Chapter Twenty-One

Flying along the margins of the cornfield, I kept a look-out for the telegraph poles that ought to be somewhere ahead. They would indicate the territory of the railway line.

I rounded a bend and came upon the silent poles, and their confederates, the silent tracks. I slowed somewhat as I went past the downed stretch of cable. It struck me that railway policemen ought to be issued with portable telegraph instruments. With these, and a length of cable looped over the right wire, it was possible to send your own messages.

Running now along the railway sleepers, I looked up. The poles carried six wires: telegraph and telephone either way — that accounted for four. The other two would be the wires linking the signal boxes of the branch, for the sending of the signalmen’s bell codes. To send a message, you’d have to know which was which; you’d need the portable doings, and you’d need to go beyond the point of the cut. Then you’d be within reach of the normal world, and sanity.

I kicked up my boot-heels and I flew on. The station, waiting on the far side of a tree-made arch, seemed to swing and shake as I pounded down the track.

I found it quite deserted, like a ship becalmed. But Will Hamer and his horse and donkey stood dreaming in the station yard, with the rulley hitched up behind.

I ran at the fellow, gulping at air and unable at first to speak.

Instead, Hamer spoke.

‘It’s you again,’ he said, smiling.

‘There’s a man badly injured in the woods,’ I said. ‘I’ve just come from him. He’s near the bridge over the ditch.’

‘I know that spot,’ said Hamer, who was now not quite smiling but still looking amiable, ‘On the edge of Clover Wood.’

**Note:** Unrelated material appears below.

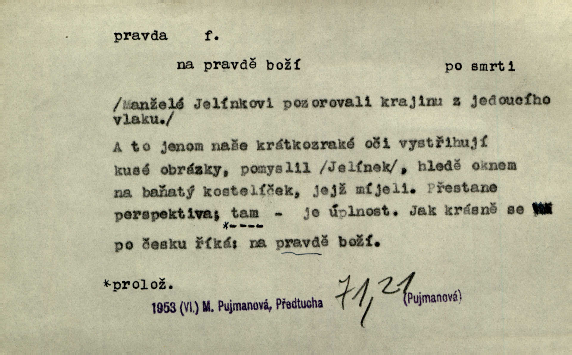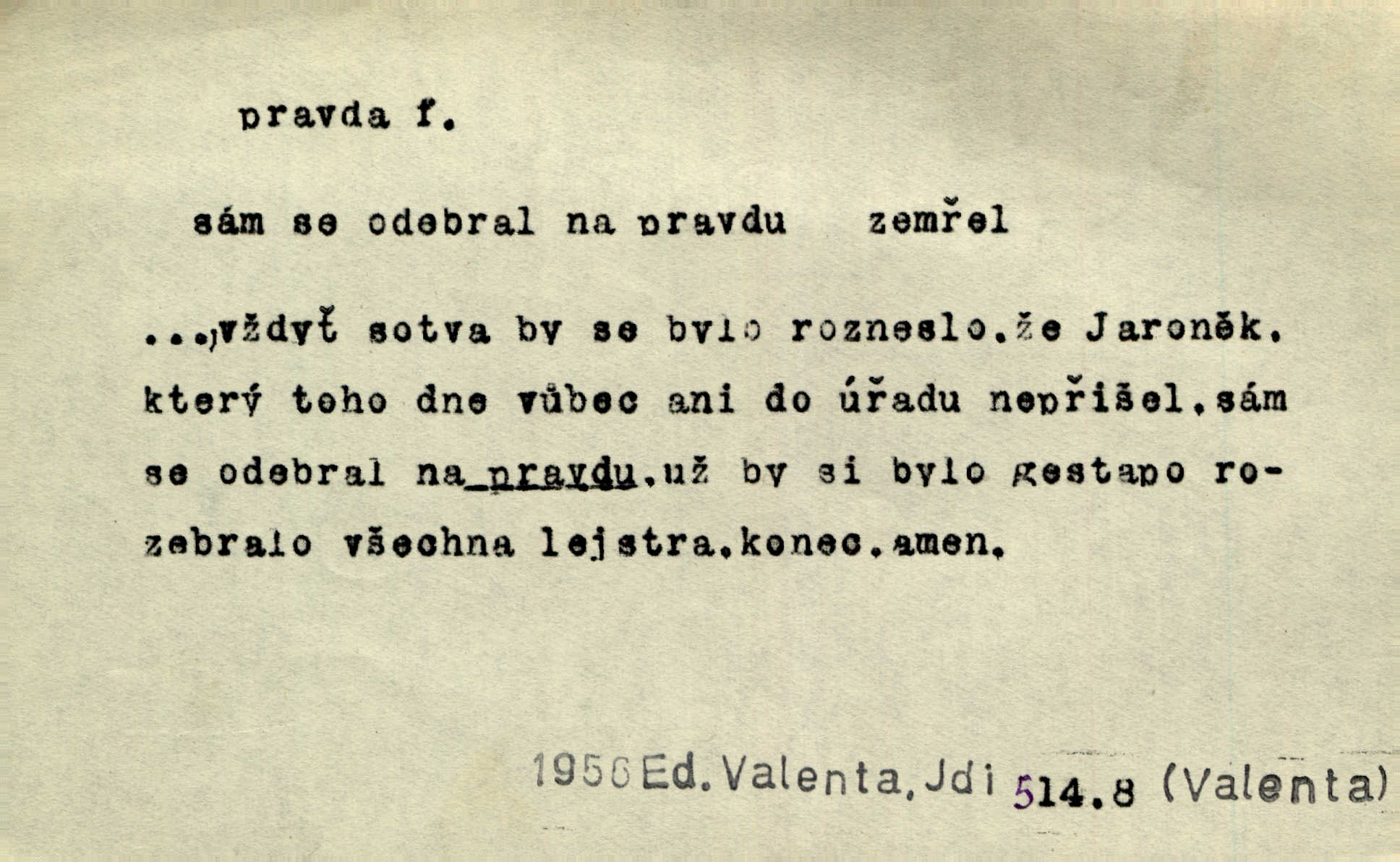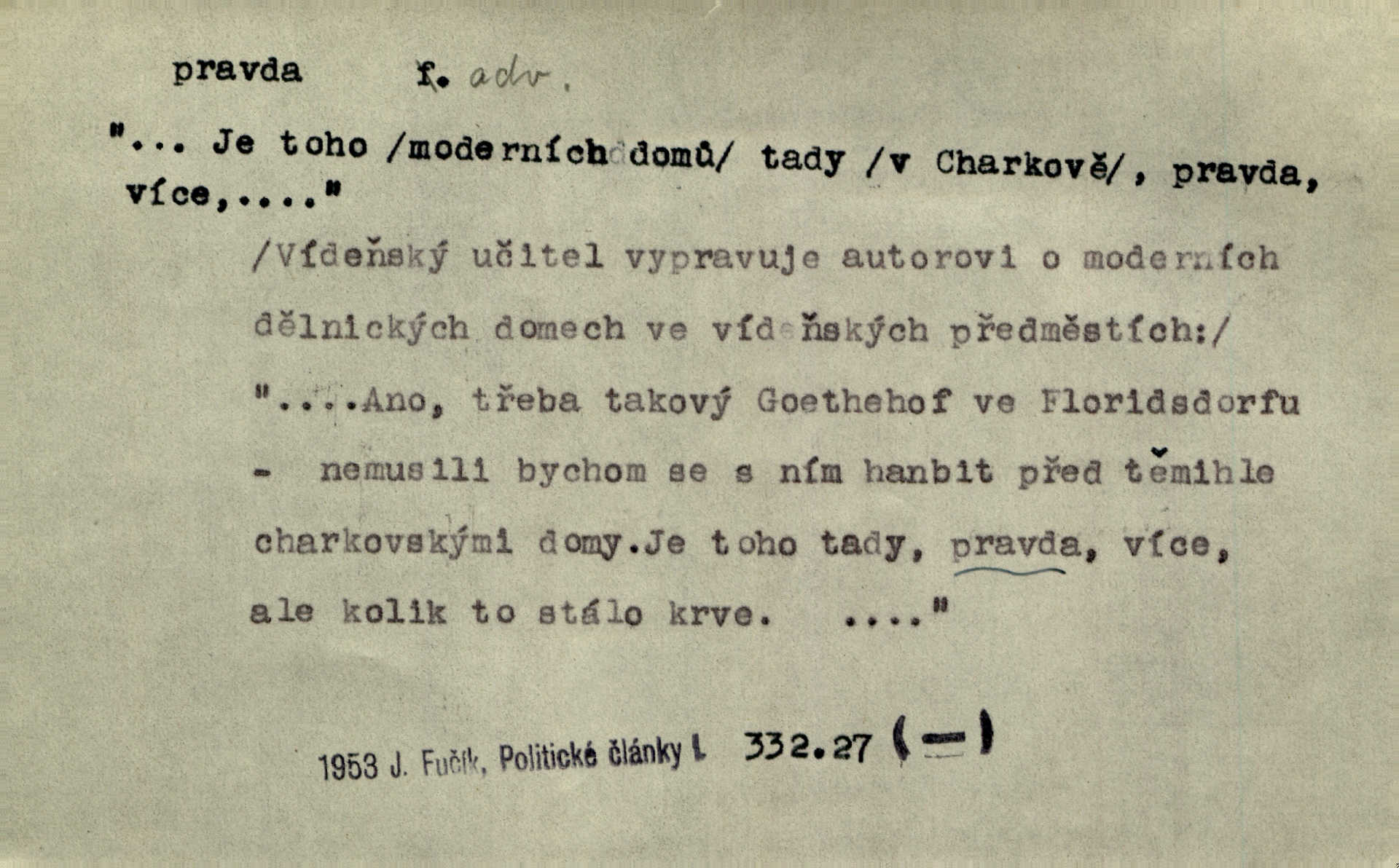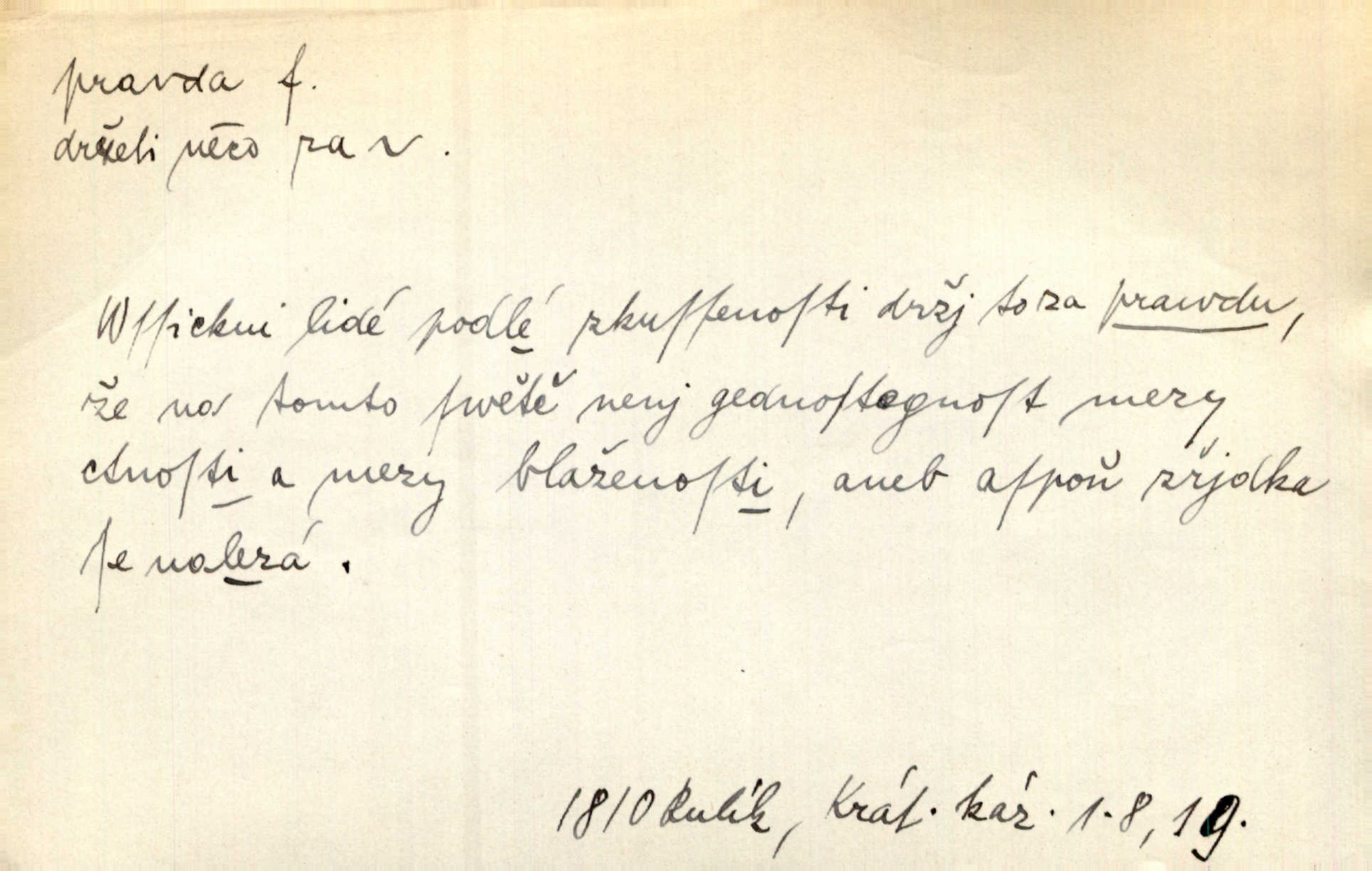 - pravda adv. vyjadřuje souhlas s proneseným míněním, zajisté, ovšem. Pravda, stromy jsou ještě neživé. Marcha. Tvá Milost pravda hned nemůže, je třeba sebrati vojsko. Jir. [Strnádek:] „Dnes vám vzal šunky z komory, zítra vezme pečeni z trouby.“ [Konipas:] „Pravda, pravda.“ Šmil. Má pohádka mi náhle s bohem dává — ach, pravda, starým člověkem jsem zase. Mach. D vyjadřuje dotaz po správnosti proneseného mínění, žádost o souhlas. A chlapeček neplaká, dobře se vyspal, pravda? Herb. Ach, matku moji též jste viděl, pravda? Zey, To je vaše jediňátko, pravda, moje milá? Heyd. Pravda, stařenka mne vždycky chovala? Preis.

So there were separately named woods within the woods.

‘He may have fallen out of a tree,’ I said.

‘Aye,’ Will Hamer said, ‘I expect so.’

‘Will you fetch a doctor?’

‘Aye,’ Hamer said again, making no move, ‘I will do.’

‘Where is a doctor?’

‘Well now, East Adenwold,’ Hamer said. ‘Doctor Lawson — deliver to him regular like. Very good man for an emergency if you can catch him in.’

‘You’d better look sharp,’ I said. ‘I reckon the fellow’s dying. Might you un-harness the donkey? I mean, wouldn’t the horse be quicker on its own?’

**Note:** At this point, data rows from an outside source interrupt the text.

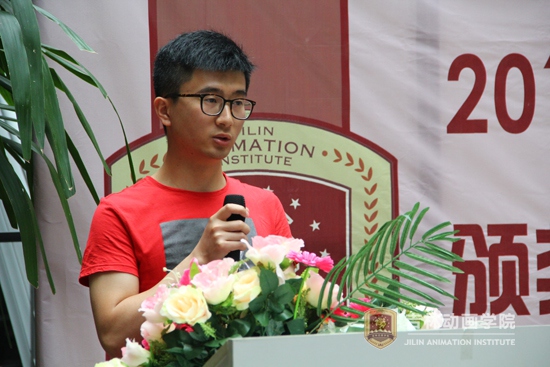 动漫分院2010级岳金熙,作为优秀项目负责人代表发言:“在大学我们用实际行动把我们的青春之花在最恰当的时间以一种骄傲的姿态尽情的绽放。我看到的是我们90后青春的活力和90后团队们对心中梦想的坚持不懈,如今的成绩告诉了大家我们90后也能挑起大梁,成为当今社会有用之才。”
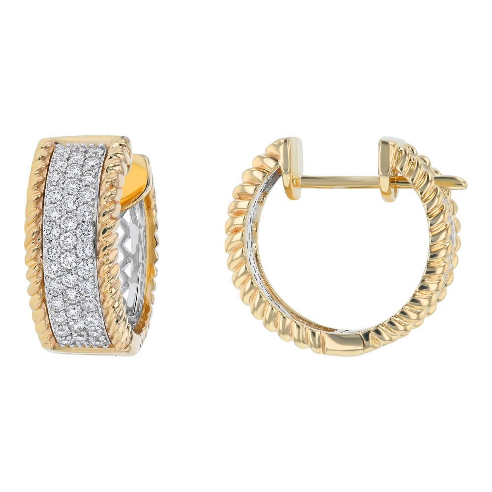 14K yellow and white gold huggies hoop earrings set with 0.70 ct. round white diamonds in braids design.
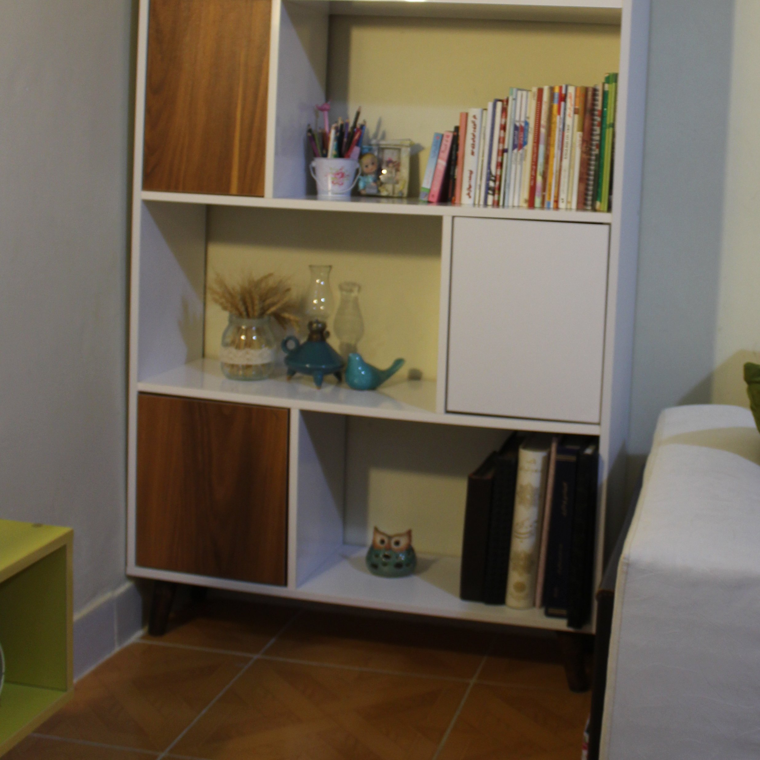 کتابخانه سیمین در دو رنگ سفید و گردویی با پایه های کوتاه مبلمونسرا مدل 236750
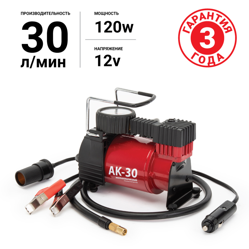 АК-35 — это компактный автомобильный компрессор с поршневым насосом ивстроеннымманометром. Производительность — 30 л/мин. Отличный вариант для легкового автомобиля малого и среднего класса с диаметром шин до R14.
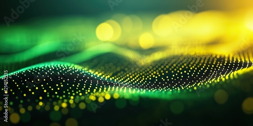 3d illustration of abstract wave particles with depth of field and bokeh lights - Wall mural
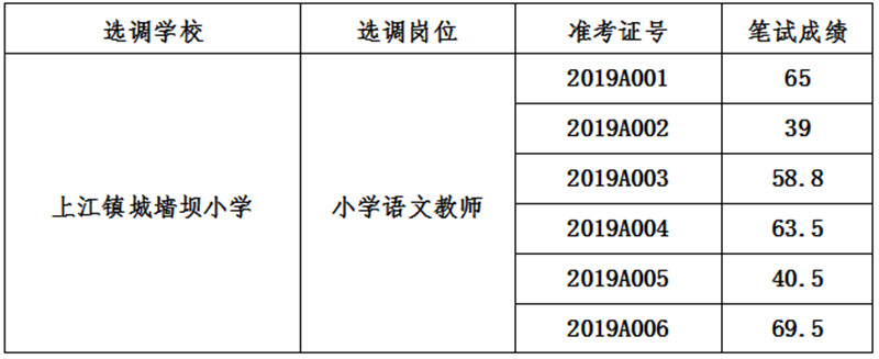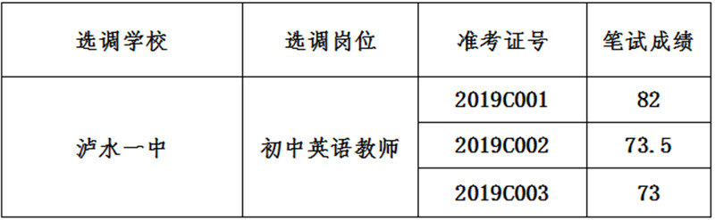 瀘水市2019年公開選調(diào)教師筆試成績公示
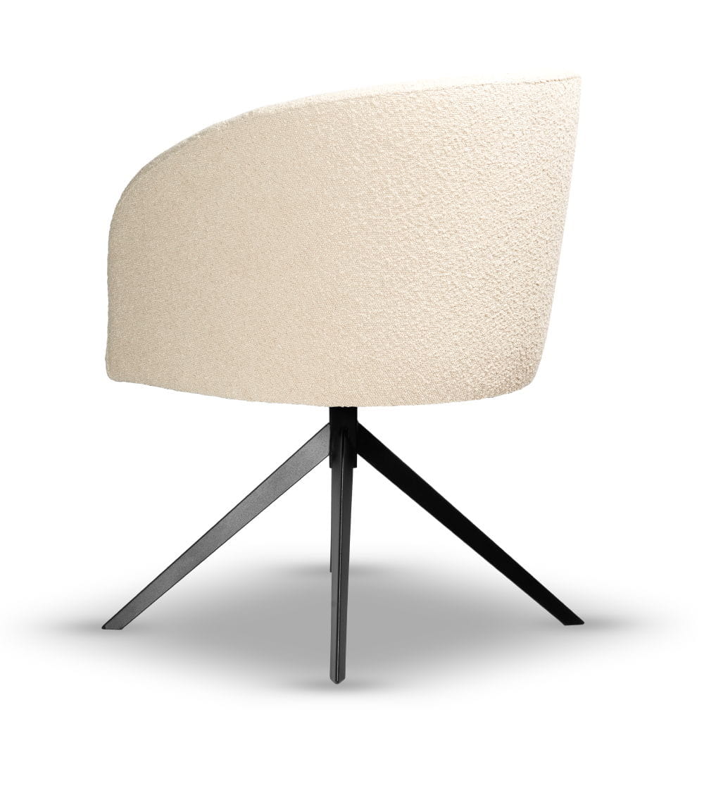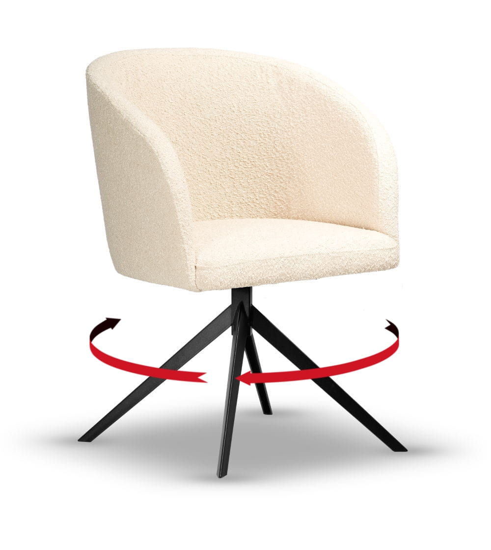 Stelaż wykonany z metalu malowanego proszkowo na czarno gwarantuje stabilność i trwałość, a siedzisko z wysokiej jakości pianki T-30 zapewnia wysoki komfort użytkowania. Mechanizm obrotowy znacząco zwiększa funkcjonalność mebla. Krzesło dostępne jest w szerokiej gamie tkanin i kolorów, dzięki czemu z łatwością dopasujesz je do charakteru swojego wnętrza – od loft po nowoczesny.

Hamer looked at his horse for a while. Presently, he said, ‘Wouldn’t move at all on his own, wouldn’t that bloke. Pair of ’em might go a bit faster, though, and don’t think I en’t tried a few tricks. I’ve had ’em this way and that: him to the left, him to the left. You name it, I’ve tried it.’

I stood silent. Was there any other way of getting help to Gifford apart from employing this blockhead?

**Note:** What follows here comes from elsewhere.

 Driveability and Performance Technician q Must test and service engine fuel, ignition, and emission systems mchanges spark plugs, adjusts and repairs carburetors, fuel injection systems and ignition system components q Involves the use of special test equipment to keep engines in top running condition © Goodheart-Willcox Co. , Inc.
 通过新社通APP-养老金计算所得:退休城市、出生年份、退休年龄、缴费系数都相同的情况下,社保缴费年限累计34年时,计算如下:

‘… Mangel wurzels I’ve tried,’ he was saying. ‘Short rein, long rein…’

He turned and fixed on me a sort of questioning smile.

‘You look down-hearted, mister,’ he said.

‘There’s blood coming out of the bloke’s mouth,’ I said, ‘and that’s always a bad look-out.’

‘Might be his… tooth fallen out?’

‘Will you go off just now?’ I said. ‘I’ll go back to guard the bloke, and I’ll see you at the place.’

I indicated the rulley.

‘You’ll get that along the edge of the field — there’s a track of sorts.’

‘Oh, no bother,’ he said, and he fell to smiling at me.

I felt in want of a whistle to blow and a green flag to wave.

‘Come on, men!’ Hamer shouted at last, and the horse and donkey first awoke, and then moved.

I took off my jacket, and watched them cross the station yard, but as before they rolled to a stop after twenty yards.

‘While I think on…’ Hamer called out, and I thought: Christ, he wants to be paid. But that wasn’t it. He was passing a paper to me.

‘Your wire was delivered,’ he said, ‘earlier on, like.’

It was an acknowledgement of sending, written on a chit stamped: ‘The Booking Office, West Adenwold Station.’

‘Obliged to you,’ I said, ‘but I knew it had gone off, because the fellow I sent for arrived.’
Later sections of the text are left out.